## Extracted data entries
◇ ◇ ◇ ◇ ◇
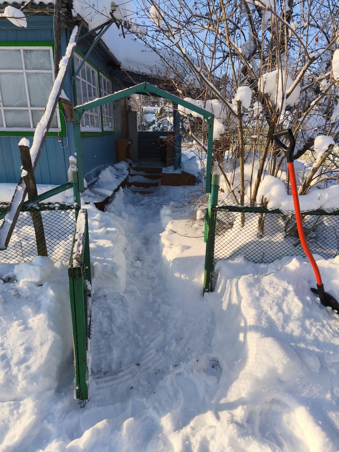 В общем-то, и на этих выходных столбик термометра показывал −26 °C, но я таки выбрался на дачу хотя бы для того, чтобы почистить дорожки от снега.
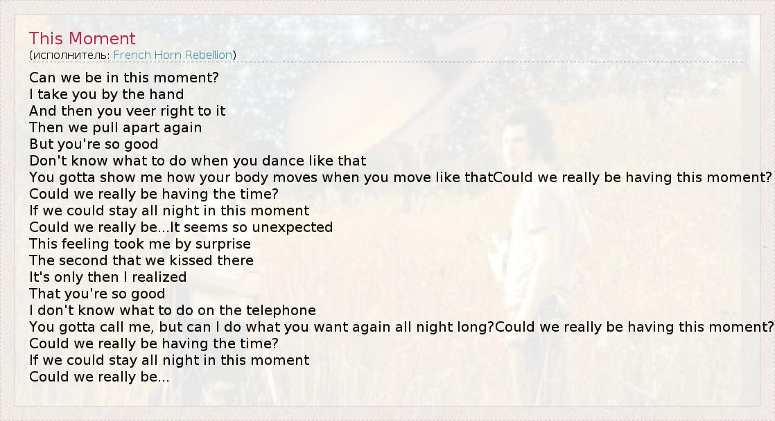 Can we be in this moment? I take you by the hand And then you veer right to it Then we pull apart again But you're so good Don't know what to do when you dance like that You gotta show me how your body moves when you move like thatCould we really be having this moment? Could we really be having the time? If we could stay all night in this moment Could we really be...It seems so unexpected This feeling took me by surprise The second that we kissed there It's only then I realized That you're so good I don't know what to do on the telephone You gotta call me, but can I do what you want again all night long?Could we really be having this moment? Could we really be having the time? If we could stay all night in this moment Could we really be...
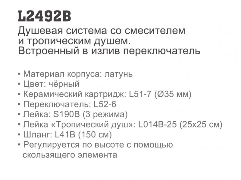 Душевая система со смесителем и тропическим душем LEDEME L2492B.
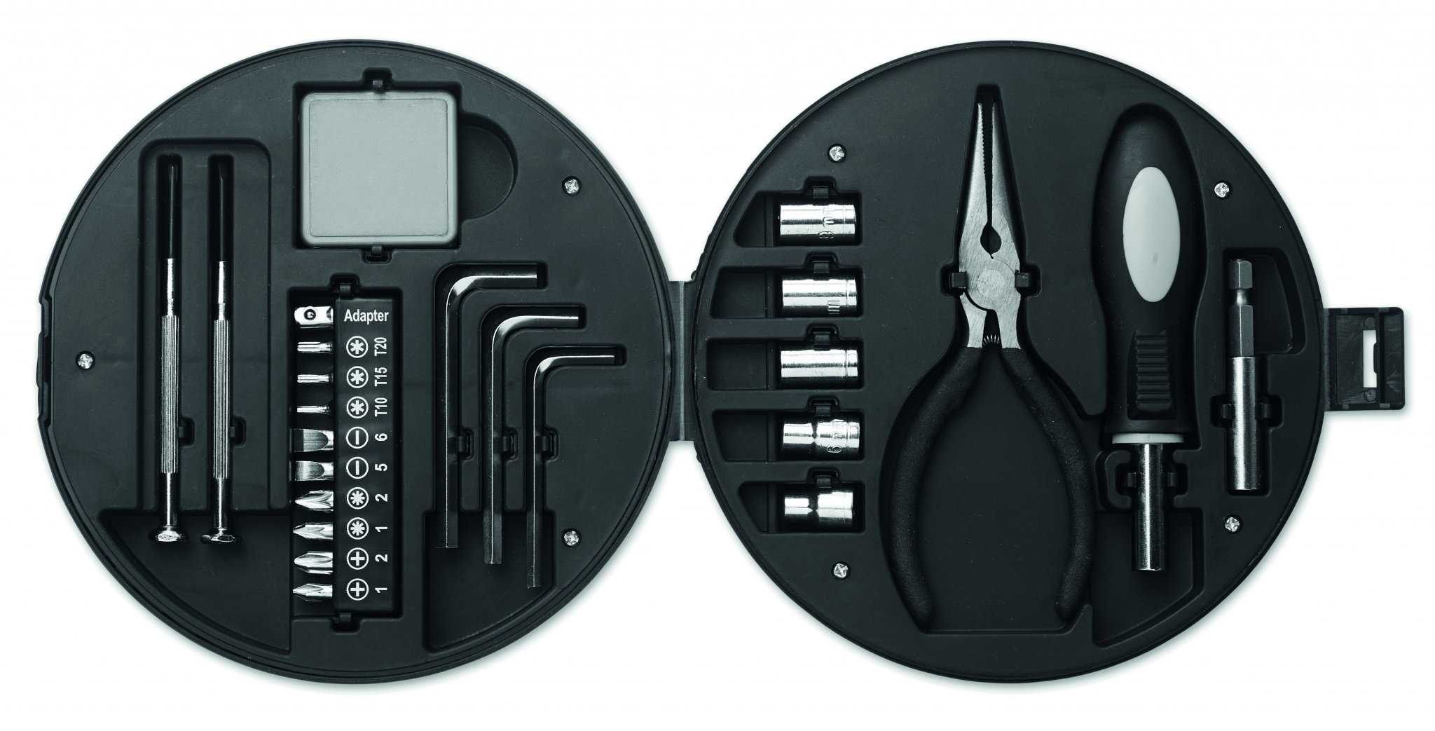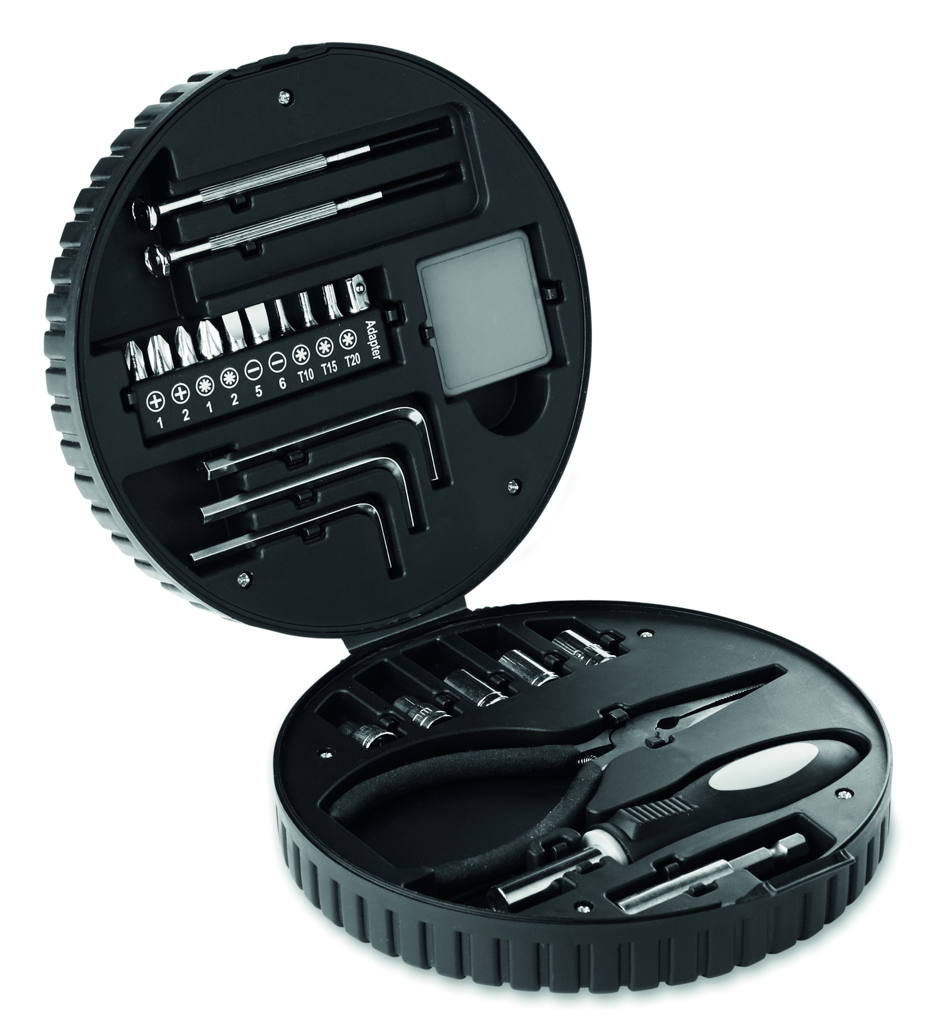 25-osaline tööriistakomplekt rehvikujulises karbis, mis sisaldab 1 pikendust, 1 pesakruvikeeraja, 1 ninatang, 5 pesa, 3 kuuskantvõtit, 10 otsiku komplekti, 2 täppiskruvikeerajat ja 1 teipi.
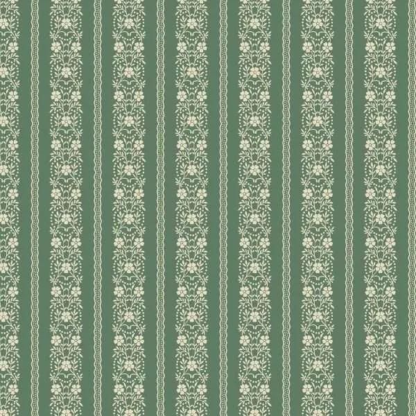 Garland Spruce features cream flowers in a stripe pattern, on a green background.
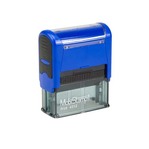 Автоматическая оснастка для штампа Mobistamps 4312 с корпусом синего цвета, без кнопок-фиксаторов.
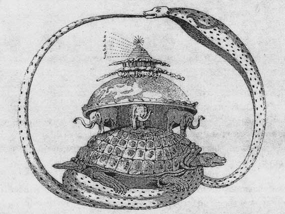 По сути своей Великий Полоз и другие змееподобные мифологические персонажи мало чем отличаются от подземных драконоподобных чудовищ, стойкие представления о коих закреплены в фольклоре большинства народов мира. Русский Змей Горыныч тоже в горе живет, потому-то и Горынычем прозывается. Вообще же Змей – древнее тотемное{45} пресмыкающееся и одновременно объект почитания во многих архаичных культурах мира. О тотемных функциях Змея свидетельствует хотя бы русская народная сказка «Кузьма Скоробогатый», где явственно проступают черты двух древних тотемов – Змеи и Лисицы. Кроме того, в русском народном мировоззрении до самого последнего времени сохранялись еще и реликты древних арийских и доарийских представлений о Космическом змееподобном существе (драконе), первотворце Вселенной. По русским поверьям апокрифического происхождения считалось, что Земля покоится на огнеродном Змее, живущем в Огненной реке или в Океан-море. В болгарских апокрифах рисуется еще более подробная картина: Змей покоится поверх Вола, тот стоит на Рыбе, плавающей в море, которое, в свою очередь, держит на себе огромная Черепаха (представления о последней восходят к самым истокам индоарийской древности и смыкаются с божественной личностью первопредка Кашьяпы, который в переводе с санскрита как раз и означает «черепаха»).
◇ ◇ ◇ ◇ ◇
## THE PROBLEM
Copy only what runs above from the line containing "Can we be in" through the line containing "Автоматическая оснастка для", exactly. Leave out the pictures.

## ANSWER
 Can we be in this moment? I take you by the hand And then you veer right to it Then we pull apart again But you're so good Don't know what to do when you dance like that You gotta show me how your body moves when you move like thatCould we really be having this moment? Could we really be having the time? If we could stay all night in this moment Could we really be...It seems so unexpected This feeling took me by surprise The second that we kissed there It's only then I realized That you're so good I don't know what to do on the telephone You gotta call me, but can I do what you want again all night long?Could we really be having this moment? Could we really be having the time? If we could stay all night in this moment Could we really be...
 Душевая система со смесителем и тропическим душем LEDEME L2492B.
 25-osaline tööriistakomplekt rehvikujulises karbis, mis sisaldab 1 pikendust, 1 pesakruvikeeraja, 1 ninatang, 5 pesa, 3 kuuskantvõtit, 10 otsiku komplekti, 2 täppiskruvikeerajat ja 1 teipi.
 Garland Spruce features cream flowers in a stripe pattern, on a green background.
 Автоматическая оснастка для штампа Mobistamps 4312 с корпусом синего цвета, без кнопок-фиксаторов.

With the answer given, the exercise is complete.